此时,里面已经坐满了人。谢家家主谢同和与谢家主母王氏坐在主位上,下座坐着谢家其他各房。
主母王氏身着一件绛紫色褙子,头上簪着赤金步摇,神色端庄,见盛桓茵进来,眼皮都没抬一下。
嫡女谢衍晴坐在王氏下首,一身鹅黄色衣裙,瞧着格外鲜亮。她正低头摆弄手中的绢帕,余光瞥见盛桓茵进来,嘴角微微一撇,带着几分幸灾乐祸。
嫡长子谢衍昭坐在对面,十一二岁的少年,生得白白净净,正百无聊赖地拨弄桌上的果碟。
他见谢衍峥进来,眼睛一亮,脆生生喊了一声:“大哥!”
又朝盛桓茵咧嘴一笑,“嫂子好。”
庶妹谢衍宁坐在最末座,见到盛桓茵,倒是恭敬地朝她微微点头。
翌晨见礼倒是没有大婚的流程繁琐,盛桓茵作为新妇,给公婆敬完茶后,收了红包,三叩双礼后算是正式融入夫家。
礼成后,二人双双落座。
王氏这才放下茶盏,慢悠悠地道:“昨夜都歇得好吗?”
这话问得平常,但语气里的试探和若有似无的嘲讽,在座的人都听得出来。
昨日谢衍峥去了通房屋里的事儿早已传得阖府上下皆知。
谢衍晴抿嘴一笑,又迅速收敛。
盛桓茵垂眸:“回太太,歇得很好。”
“那就好。
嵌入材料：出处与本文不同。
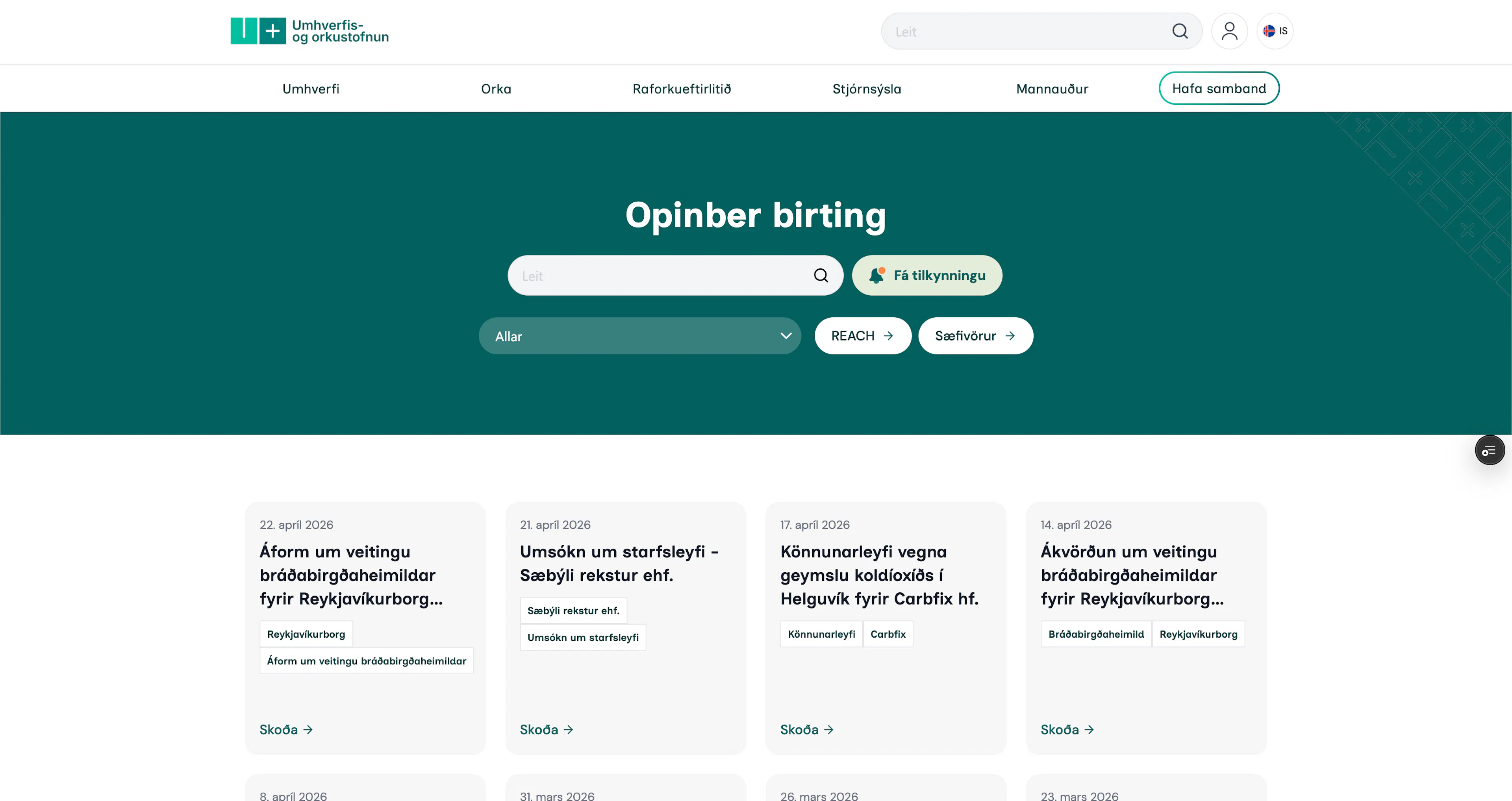 Contributed to the development of uos.is, the official digital portal for Iceland's Environment and Energy Authority, built using Next.js and Tailwind CSS for a fast, responsive user experience. This enterprise-level platform serves as a centralized public gateway, integrated with Iceland's national e-government system (Island.is) and utilizing Mailchimp for automated public communications. Key features include interactive, data-driven dashboards monitoring national energy consumption and air quality, alongside public registries—powered by Algolia for fast search—housing thousands of geological records, technical drawings, and environmental permits. The system also exposes geospatial mapping services (GIS) and open APIs to ensure transparency and public accessibility to Iceland's environmental data.
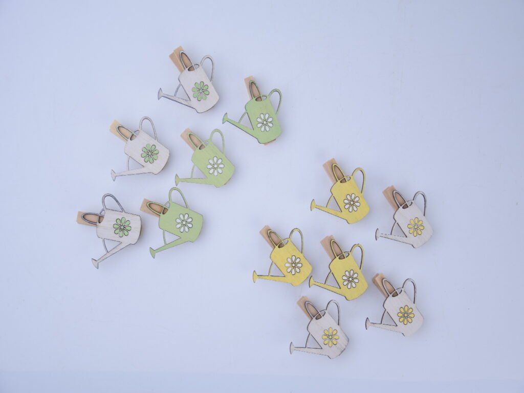 Dekorace konvička, kolíček, dřevo, mix barev, 19x12,5x1,5cm, bal 6ks/2T
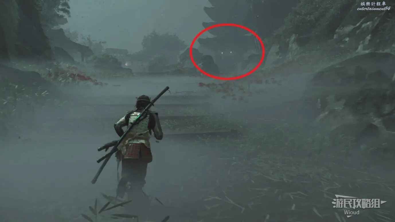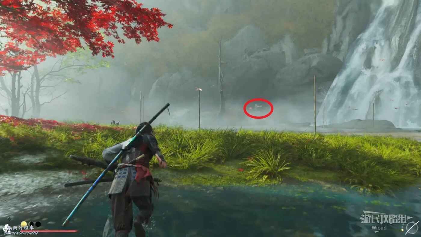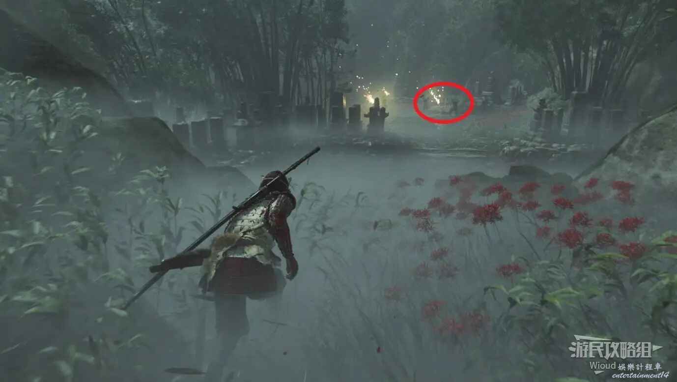敵人就在樹下等著,靠近觸發戰鬥,將其擊敗獲得【武藏之頑抗護身符】。
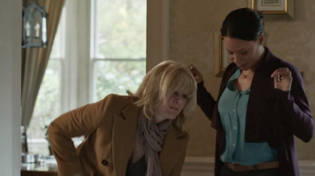 Caroline looks after Kate as she heads towards getting her coat and leaves, then looks up at the ceiling and sighs. She then goes up to see Lawrence, which is where PBS picks it up again after this scene.
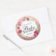 Flowers Baby Shower Pink Rose Gold Glitter Classic Round Sticker
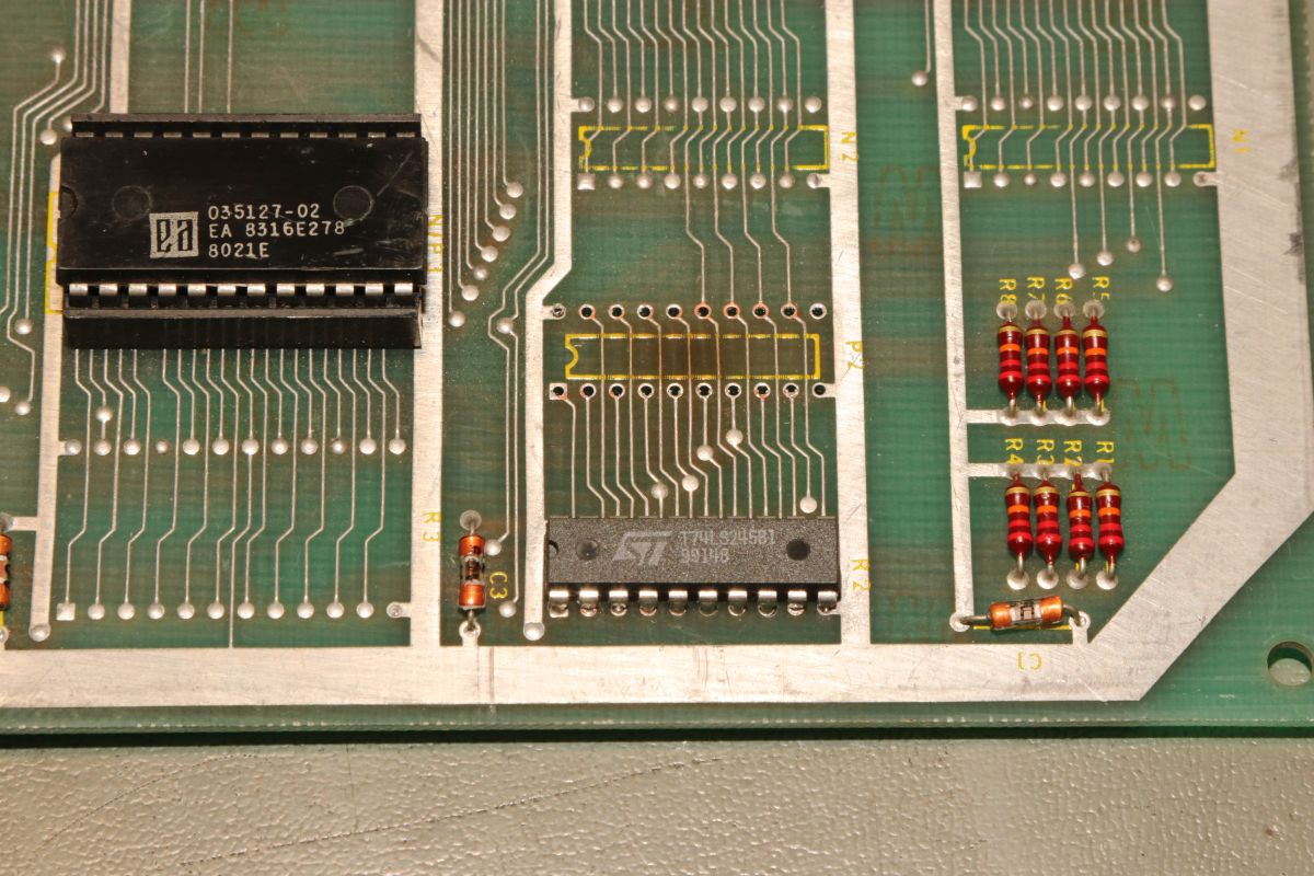 24.09.2025 {Asteroids im Doppelpack} Asteroids ist ein tolles Arcadespiel! Vektorgrafik, kaum Custom-Chips und sehr übersichtlich aufgebaut. Denkt man. Und wenn man dann zwei Platinen zur Reparatur bekommt, könnte man sich in der trügerischen Sicherheit wähnen, irgendwas zum Vergleichen zu haben. Die Wahrheit ist: ich kenne kaum ein Spiel, was sich so übel reparieren lässt, wie Asteroids. Missile Command vielleicht, oder Centipede. Ich erkenne ein Muster: Atari und alt - eine schlechte Mischung. Platine 1: Die RAMs hat schon mal wer getauscht... Die auch. Dann liegt es vermutlich nicht an den RAMs, wenn hier gar nichts geht. Platine 2: Hier gibt es keine Sockel, aber dafür ein Kreuz auf dem RAM. Die Bustreiber sind neu. Die hier auch, hat aber wohl nicht geholfen... Auch hier ist schon einiges gemacht worden - wer weiß, ob es danach besser oder schlechter geworden ist. Manchmal sind auch Reparaturen daran schuld, wenn nichts mehr geht. Diese CPU taktet immerhin, aber recht eintönig. Dazwischen legt sie sich mal schlafen, bis der WDT klingelt... Der 157er war auffällig aber leider nicht die Ursache. Ich habe endlich meinen Hilfstrafo gefunden. Die 2x18V benötigt man für die Vektorendstufen. Rustikal aber praktisch! Wir haben ein Bild - leider ohne sinnvollen Inhalt. Pieptöne gibt es auch nicht, eine Diagnose ist schwer zu geben. Manchmal ändert sich das Bild auch - ich werde mal alle verbliebenen 2114 tauschen, es scheint, als ob der Programmablauf gestört ist. Wenn beide Platinen nicht laufen, ist ein Vergleich schwierig. Ich bin gespannt! {Und es geht weiter!} Die Asteroids mit Funktion: immerhin funktioniert der NMI. Aber der ist auch Hardware-generiert. Ein geduldiger 4ms-Takt zum Bildaufbau. Die Asteroids ohne Funktion: Upps. Mein Fehler. Aber mit einem neuen 2114 läuft es genausowenig... Dafür meldet sich Kandidat 1 akustisch. Nachdem ich das Board mal komplett mit Lautsprecher verkabelt habe (immer eine gute Idee, die Asteroids sind akustisch mitteilungsfreudig, wenn sie mal anlaufen...) bekomme ich im Testmodus 4 höhere und einen tiefen Piepston. Das ist RAM N4. Das war übrigens auch der Baustein mit einem Kreuz drauf... Das RAM ist schnell getauscht. Die Asteroids sind mit dem richtigen Werkzeug sehr gut auszulöten. Das Programm startet ohne Fehler-Piep. Die RAMs scheinen in Ordnung zu sein. Wir haben ein statisches stabiles Bild. Im Testmodus kann man das Umlegen der DIP-Schalter jetzt optisch verfolgen. Außerhalb des Testmodus geht es immer noch nicht gut. Der Watchdog schlägt zu und das ist das Unangenehme bei Asteroids. Jeder Fehler im Vektor-Generator führt zum Programmabbruch und damit zum Watchdog. Gut, dass man den einfach stillegen kann. Jetzt bleibt erst mal Fehlersuche nach schlechten Pegeln. Nach einer Viertelstunde habe ich etwas gefunden. DVY5 sieht gar nicht gut aus! Ein 74191 ist mit 10 Ohm eingangsseitig viel zu niederohmig. Viele Kiloohm wären hier zu erwarten gewesen. Der Baustein ist getauscht, der Widerstand von DVY5 gegen Masse steigt auf 40 Ohm - "Not great, not terrible!". Da ist noch mehr defekt. An der Leitung hängt einiges drann, ich werde alle Teilnehmer ansehen müssen. Immerhin haben wir jetzt schon ein Bild, was fast nach Gameplay aussieht! Der Pegel hat es ja auch schon fast geschafft... Mich würde mal interessieren, woher dieser Schaden kommt, der diverse IC-Eingänge hat durchlegieren lassen... Kurzschluss? Überspannung? Jetzt muss ich erst mal 7497 bestellen, den habe ich nicht im Lager - braucht man so gut wie nie! Außer bei Asteroids... {Und es geht noch weiter!} Die Spezialbauteile sind da! 7497 ersetzt - die Pegel sehen gut aus! Plötzlich sieht auch das Vektorbild interessanter aus, auch wenn noch nichts richtig läuft... Zumindest wird hier mal was berechnet und dargestellt: Das Vector-Generator-ROM hat anormale Pegel auf den Datenleitungen. Da stimmt was nicht: Ich tausche den alten Bustreiber... Hier hat man daran gedacht, zwei verschiedene Typen einsetzen zu können. Ich wähle den modernen 74LS245. Hat leider nicht geholfen. Das ROM funktioniert. Die 2114 ersetze ich jetzt alle. Wow! Der Test-Screen läuft plötzlich einwandfrei. Aber hier werden auch keine Anforderungen an den Vector-Generator gestellt... Präventiv tausche ich (erfolglos) den letzten Uralt-Bustreiber. Auch gegen einen aktuellen Typen. Hilft nicht. Aus den 16-Bit Register-RAMs kommt teilweise nichts raus. Ich tausche zwei Bausteine. Während ich mich noch freue, stirbt einer der Bustreiber... Ich werde noch irre. War ja klar, Signetics SA. Aber nachdem der auch ersetzt ist, erwartet mich ein überraschendes Vector-Bild. Leider spinnt immer noch irgendwas im Vector-Generator-Teil - es gibt Artefakte und das Programm stürzt regelmäßig ab. Aber die Programmausführung läuft, der Vector-Generator zeichnet und der Testbildschirm meldet keine Fehler. Ich bin gespannt, ob ich die Ursache noch finde, bevor wieder irgendein Baustein stirbt... |
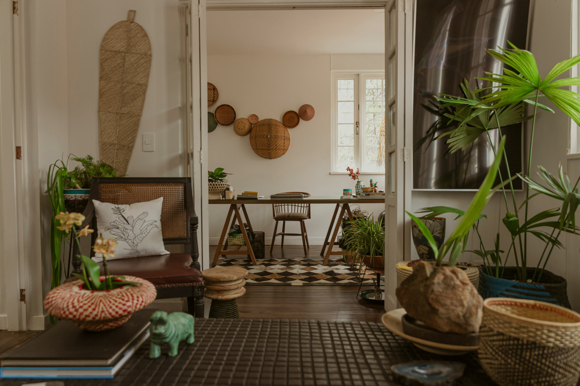 Ryhmittele kasveja eri korkeuksille ja käytä luonnonmateriaaleista tehtyjä ruukkuja, kuten savea tai rottinkia, jotta kokonaisuus pysyy harmonisena.
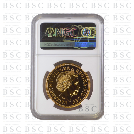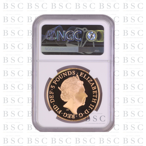 2019 GB £5 Quintuple Sovereign St George Gold Proof Coin. Graded PF70 Ultra Cameo by NGC. NGC Certification Number: 5880473-009 Exact coin pictur...
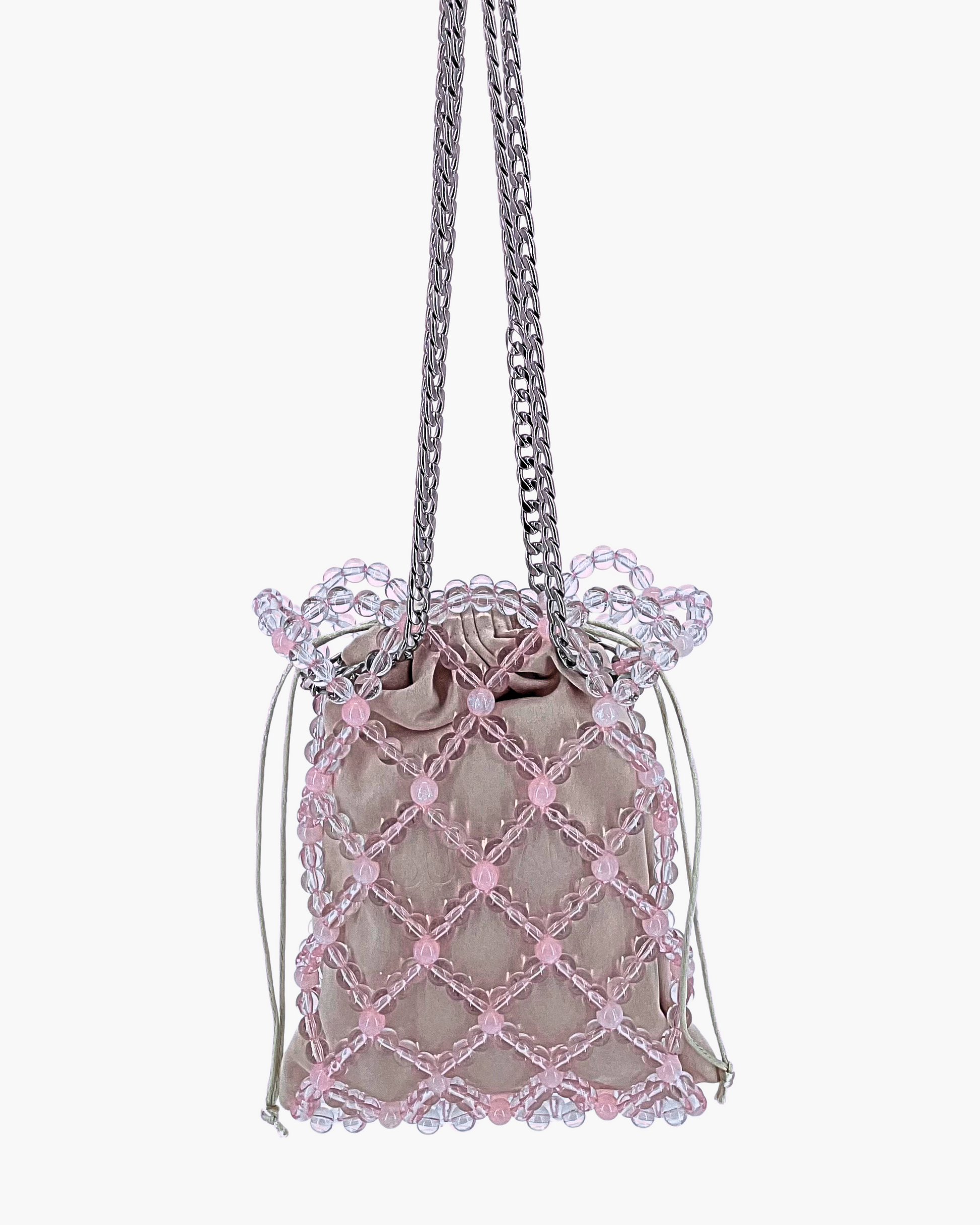 Le sac CU(N)TIE est composé de plus de 450 perles en acrylique et d'une chaîne en acier inoxydable de 130 cm qui permet de porter le sac en bandoulière ou à la main ⟢.

你……”王氏的目光在她和谢衍峥之间转了一圈,还想再说什么,却被家主谢同和打断:“先用早膳吧。其他事稍后再说。”
而谢衍峥面色如常,甚至端起茶杯慢慢喝了一口,仿佛昨夜什么都没发生。
早膳摆上来,席间气氛微妙。
盛桓茵暂没看懂那些暗流涌动,便顾着自己吃。
早膳后,王氏对盛桓茵道:“你既然进了谢家的门,有些长辈该去拜见。衍峥的生母柳氏住在西院,你一会儿去给她请个安。虽说她是姨娘,但到底是衍峥的生母,你不可怠慢。”
“是。”盛桓茵应了。
谢衍峥放下茶杯,站起身:“太太,我带她去。”
王氏看了他一眼,点点头。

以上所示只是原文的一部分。